Ewing didn’t seem too surprised by these suggestions. “The costs of test security have been steadily escalating over the years and ETS spends literally millions and millions of dollars in this area,” he said, adding that the Office of Testing Integrity, which Ray Nicosia has overseen since the mid-‘90s, has grown substantially. It now monitors every stage in the SAT and SAT II test-making and test-taking process—from the moment questions are written to the moment that students sit down to take the exam.
It’s a big job, made slightly easier by the fact that, unlike the ACT, which can now be taken on a computer in some locations, neither the SAT or the SAT II is available on any computer or digital device. Those exams must be taken instead with a good old-fashioned pencil and a paper booklet.
Still, Nicosia said, his oversight process doesn’t cut any corners. It begins in the College Board’s secure offices, which are patrolled by security guards who monitor suspicious vehicles in the area. Employees dealing directly with the test questions are required to use computers that are not, and never have been, connected to the Internet, and no part of the test, perhaps needless to say, is ever stored on the cloud. Test writers themselves are subject to background and criminal checks, and can have their briefcases and bags searched upon exiting the building to ensure that they are not transporting a thumb drive or other device containing information about the test’s content.
Once the test is written, it is moved in “a secure carrier,” Nicosia said, declining to elaborate, to a print shop that uses security protocols similar to companies that print casino vouchers, which can be exchanged for cash. “All our printers have alarm doors and security cameras and whole list of other things we mandate,” Nicosia said. “You don’t have a print shop employee just walking outside for a cigarette break.” At the end of the printing process, the SAT test booklets are “packaged in a certain way” so that tampering with the booklets themselves is either impossible or immediately obvious, he said.
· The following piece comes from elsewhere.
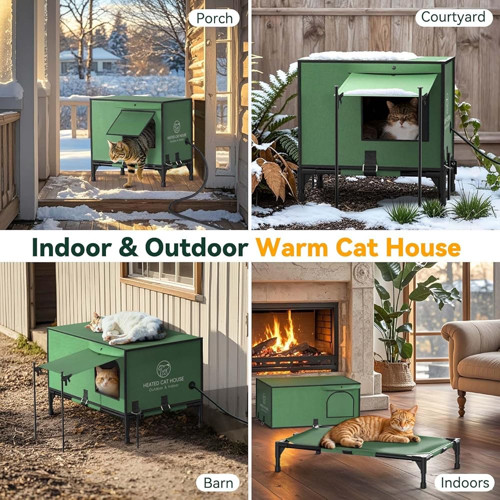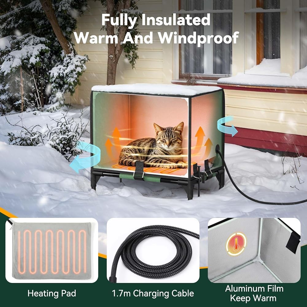 • وسادة تدفئة عالية المستوى - يأتي بيت القطط المعزول في الهواء الطلق مع وسادة تدفئة مقاومة للماء مقاس 17 × 17 بوصة / غطاء من نسيج القطيفة الناعم / سلك طاقة 1.7 متر، والذي يمكن أن يوفر تجربة دافئة ومريحة للقطط، كما يسمح سلك الطاقة الطويل للغاية يمكنك استخدامه في أي أماكن خارجية وداخلية!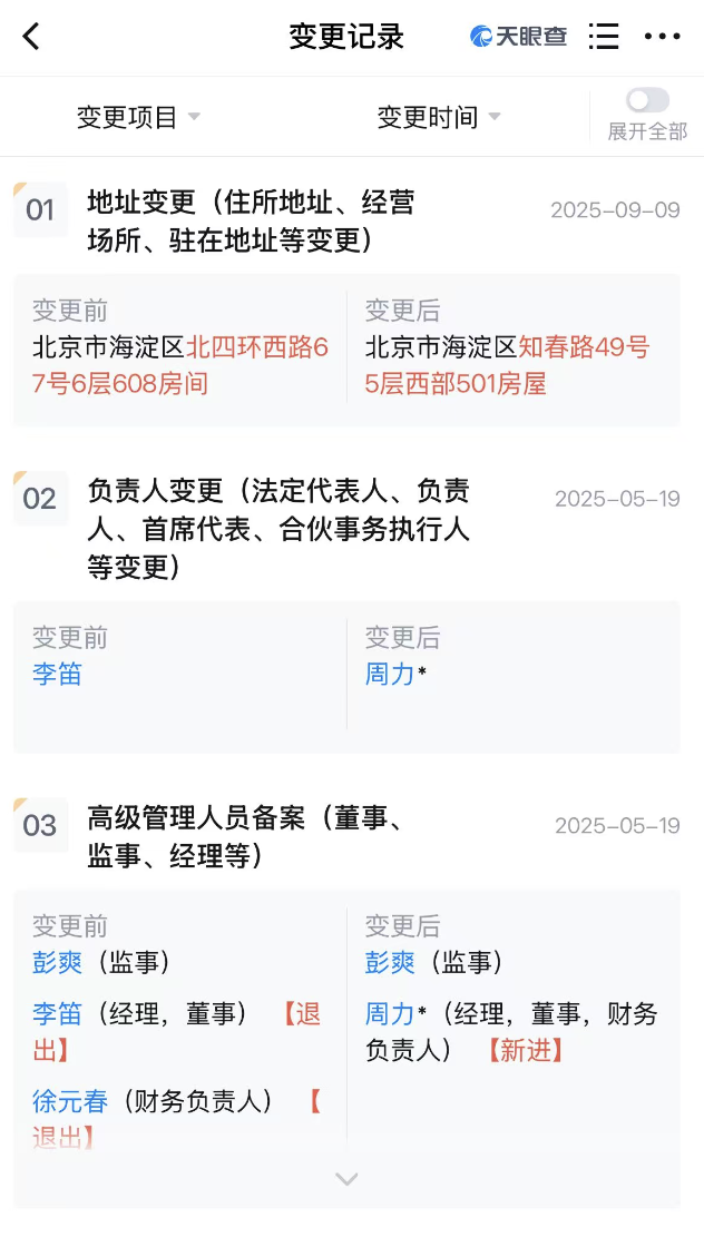 李笛也不再担任小冰公司法人。

From there, the test booklets are delivered to pre-vetted test administrators and school principals, who have gone thorough an ETS training and who must, in turn, provide ETS with assurance that the tests will be kept in a locked and secured location. In some instances, ETS has arranged to have the test booklets hand-delivered by a ETS employee on the day of the test.
On test day, a host of precautions are also in place. For example, ETS requires test takers to upload a photo of themselves when they register for the exam and then provide on test day a photo ID that matches both their registration photograph and their appearance. Test takers are also required to provide a handwriting sample that can be used should any subsequent investigation be necessary.
In most locations, ETS does not search students for cell phones or other digital devices, but if a proctor sees or hears a digital device, the student is immediately dismissed from the test, his scores are canceled, and a review is launched. In areas where cheating is suspected, ETS also sometimes deploys undercover investigators—employees in their late teens or early twenties who pretend to be test-takers—in order to “get the birds’ eye view of what’s going on without raising any eyebrows,” Nicosia said. At the end of tests, students are required to leave all testing materials behind.
All told, while the extent of cheating efforts is probably “extremely overblown in people’s imaginations,” Nicosia said his team takes every tip, allegation or rumor “very, very seriously.” “Whatever challenge is next, we’re looking for it,” he said.